Partant, le TAF ne saurait retenir pour le revenu d’invalide un salaire
déterminé sur la base d’une capacité de travail de 5%.
10.3.5 Afin de s’assurer que l’assuré mette pleinement en valeur sa
capacité résiduelle de travail exigible par son travail à D._______ (consid.
10.3.1), il sied de comparer le salaire qu’il y réalise dès le 1er septembre
2017, soit le montant de 46'241 francs (AI pce 134), au revenu qu’il pourrait
obtenir sur le marché du travail équilibré compte tenu de sa capacité
résiduelle de travail de 50%.
C-666/2018
Page 23
Concrètement, le Tribunal de céans détermine ce revenu, tout comme le
revenu sans invalidité (cf. consid. 10.2.5), sur la base de l’ESS 2014. Il
apparait de la table TA1 différenciée selon le niveau des compétences
qu’un homme dans les branches 62-63 « Activité informatiques et services
d’information » et d’un niveau de compétence 3 gagnait en 2014 un salaire
mensuel de 7’269 francs pour 40 heures/semaine, respectivement de
7'487.05 francs pour 41.2 heures/semaine alors usuelles dans ces
branches, soit un salaire annuel de 89'844.60 francs (x 12) pour un taux
d’activité de 100% et de 44'922.30 pour un taux de 50%. Dans la mesure
où pour les hommes le travail à temps partiel peut être synonyme d'une
perte de salaire (notamment : arrêts du TF 9C_10/2019 du 29 avril 2019
consid. 5.2.1; 8C_805/2016 du 22 mars 2017 consid. 3.2), le TAF considère
qu’il sied d’en tenir compte dans le cas concret par un abattement de 5%
(cf. arrêt du TAF 9C_10/2019 cité consid. 5.2.2). Le revenu pour un taux
d’occupation de 50% s’élèverait ainsi en 2014 à 42'676.20 francs et indexé
à 2017 à 43'233.70 francs (1939=100; 2014=2'220; 2017=2'249). Ce
montant, tout comme celui sans abattement de 44'922.30 francs, soit de
45'509.10 francs une fois indexé à 2017, est inférieur à celui que l’assuré
gagnait réellement à compter du 1er septembre 2017. Le revenu déterminé
selon le niveau de compétence 2, que le recourant avance, lequel englobe
les tâches pratiques telles que la vente/les soins/le traitement de données
et les tâches administratives/l’utilisation de machines et d’appareils
électroniques/les services de sécurité/la conduite de véhicules serait
encore moins important. Il est, partant, inutile de le déterminer.

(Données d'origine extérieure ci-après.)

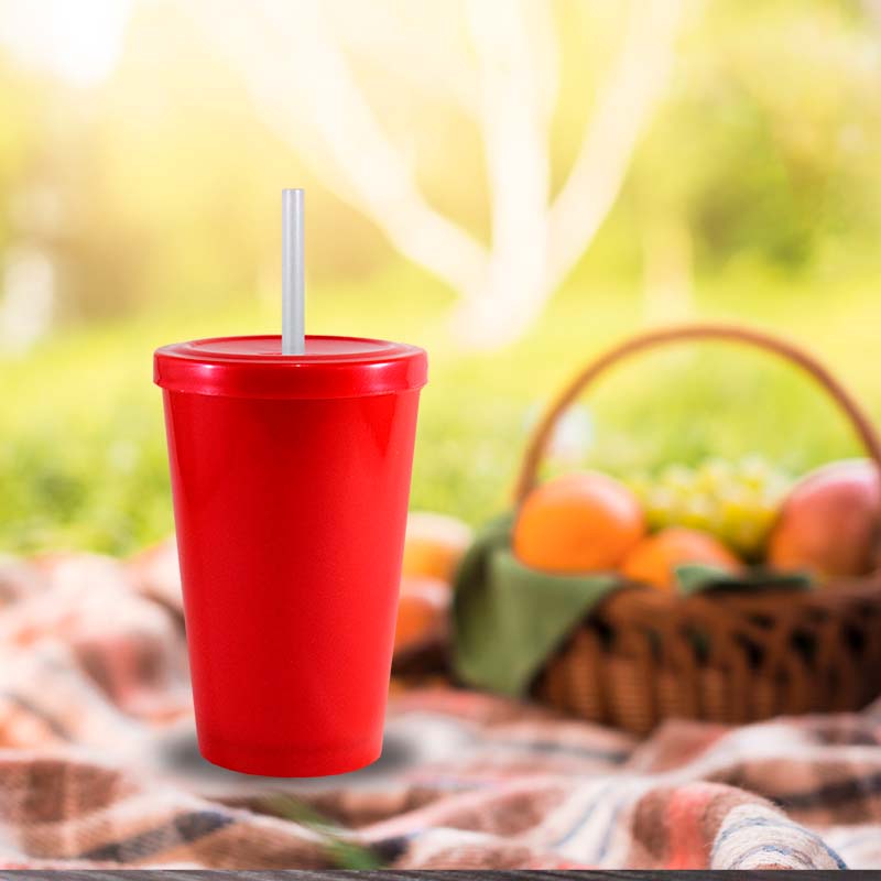Kit 4 Copo Tampa Canudo Vermelho 320mL Plástico Premium

Dès lors, il est établi que le recourant mettait à compter du 1er septembre
2017 pleinement à profit sa capacité résiduelle de travail auprès de
D._______. Il est donc justifié qu’il conservait son poste qui est davantage
rémunéré que la moyenne de sa branche (cf. consid. 10.3.1 ci-dessus).
10.3.6 En conclusion, le salaire de 46'241 francs que l’assuré réalisait dès
le 1er septembre 2017 à D._______ forme le revenu d’invalide à prendre
en considération.
10.4 La comparaison des revenus fait apparaître, selon qu’on retient
comme revenu sans invalidité le montant de 78'772.60 francs ou de
91'060.20 francs (cf. consid. 10.2.7), une perte de gain de 32'531.60 francs
(78'772.60 francs – 46’241 francs), correspondant à un taux d'invalidité de
41% (32'531.65 francs / 78'772.60 francs x 100%), ou alors une perte de
gain de 44'819.20 francs (91'060.20 francs – 46’241 francs), correspondant
à un taux d’invalidité de 49% (44'819.20 francs / 91'060.20 francs x 100%).
C-666/2018
Page 24
L’un ou l’autre de ces taux donne droit à un quart de rente au regard de
l’art. 28 al. 2 LAI cité (cf. consid. 6.6). Conformément à l’art. 88a al. 1 RAI
(cf. consid. 6.7), cette amélioration de la capacité de gain du recourant est
déterminante depuis le 1er septembre 2017 (cf. aussi consid. 8.5 et 9.2).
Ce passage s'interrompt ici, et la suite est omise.